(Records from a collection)

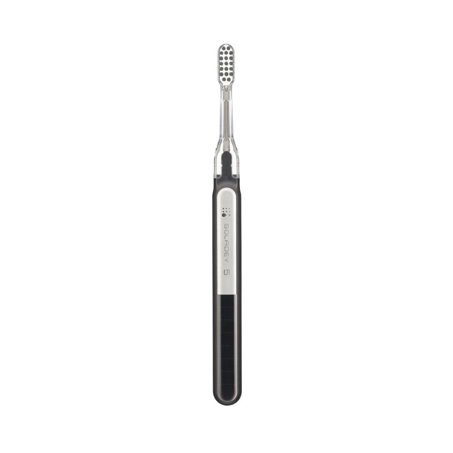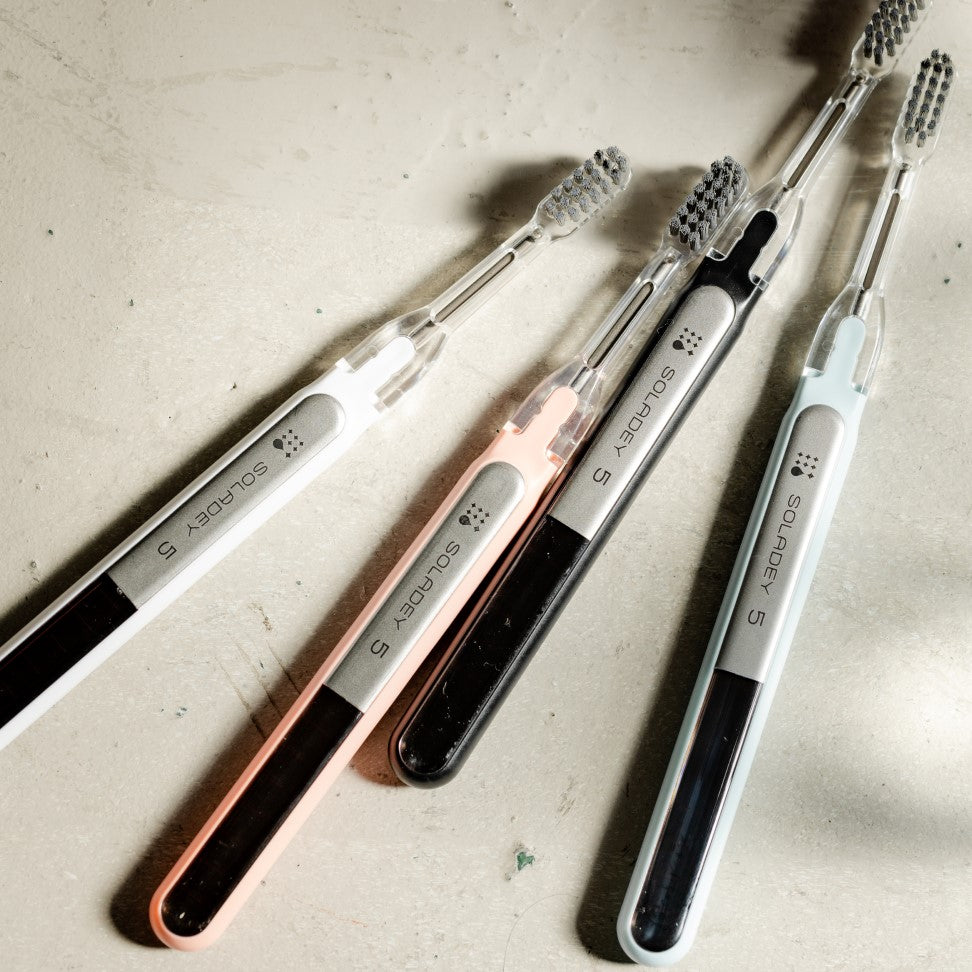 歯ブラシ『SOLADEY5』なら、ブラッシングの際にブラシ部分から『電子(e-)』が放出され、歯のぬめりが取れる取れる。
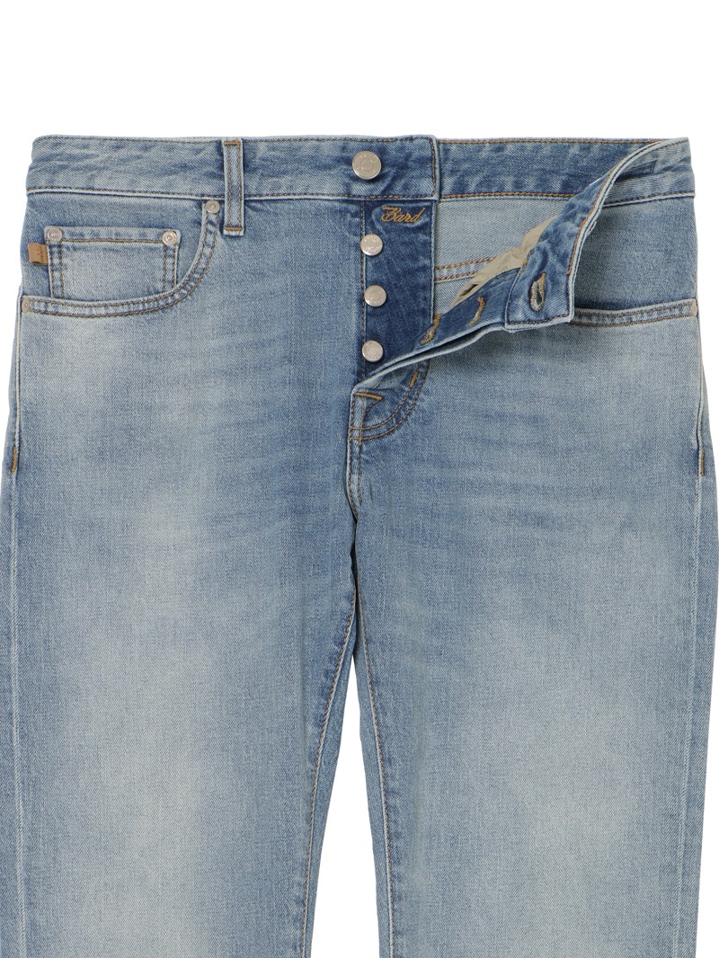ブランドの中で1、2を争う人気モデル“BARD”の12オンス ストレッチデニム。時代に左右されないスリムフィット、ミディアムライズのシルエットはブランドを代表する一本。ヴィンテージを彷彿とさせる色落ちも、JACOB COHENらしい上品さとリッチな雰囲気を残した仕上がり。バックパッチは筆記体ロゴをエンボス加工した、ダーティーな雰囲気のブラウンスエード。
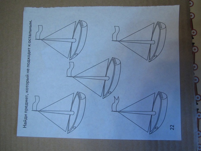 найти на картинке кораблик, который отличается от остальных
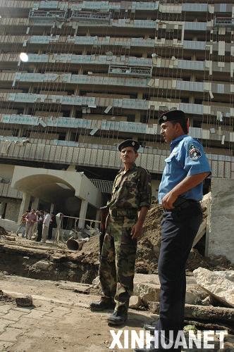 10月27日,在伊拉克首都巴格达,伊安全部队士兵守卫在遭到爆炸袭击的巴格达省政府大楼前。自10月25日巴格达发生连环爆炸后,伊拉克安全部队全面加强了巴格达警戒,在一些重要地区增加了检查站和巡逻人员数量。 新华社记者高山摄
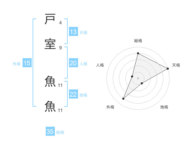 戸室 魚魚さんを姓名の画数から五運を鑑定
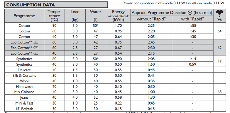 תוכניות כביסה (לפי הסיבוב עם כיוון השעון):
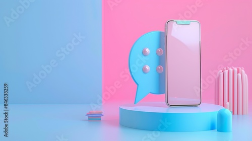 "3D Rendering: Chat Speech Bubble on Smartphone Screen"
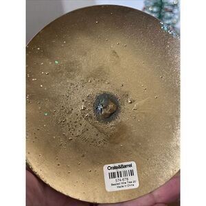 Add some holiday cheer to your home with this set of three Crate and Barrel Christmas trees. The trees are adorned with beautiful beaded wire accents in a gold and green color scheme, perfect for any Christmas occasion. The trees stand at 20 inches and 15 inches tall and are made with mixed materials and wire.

● REQUIREMENT
Copy out every line of the data above, taking care to leave the pictures out.

● SOLVED EXERCISE
 歯ブラシ『SOLADEY5』なら、ブラッシングの際にブラシ部分から『電子(e-)』が放出され、歯のぬめりが取れる取れる。
ブランドの中で1、2を争う人気モデル“BARD”の12オンス ストレッチデニム。時代に左右されないスリムフィット、ミディアムライズのシルエットはブランドを代表する一本。ヴィンテージを彷彿とさせる色落ちも、JACOB COHENらしい上品さとリッチな雰囲気を残した仕上がり。バックパッチは筆記体ロゴをエンボス加工した、ダーティーな雰囲気のブラウンスエード。
 найти на картинке кораблик, который отличается от остальных
 10月27日,在伊拉克首都巴格达,伊安全部队士兵守卫在遭到爆炸袭击的巴格达省政府大楼前。自10月25日巴格达发生连环爆炸后,伊拉克安全部队全面加强了巴格达警戒,在一些重要地区增加了检查站和巡逻人员数量。 新华社记者高山摄
 戸室 魚魚さんを姓名の画数から五運を鑑定
 תוכניות כביסה (לפי הסיבוב עם כיוון השעון):
 "3D Rendering: Chat Speech Bubble on Smartphone Screen"
 Add some holiday cheer to your home with this set of three Crate and Barrel Christmas trees. The trees are adorned with beautiful beaded wire accents in a gold and green color scheme, perfect for any Christmas occasion. The trees stand at 20 inches and 15 inches tall and are made with mixed materials and wire.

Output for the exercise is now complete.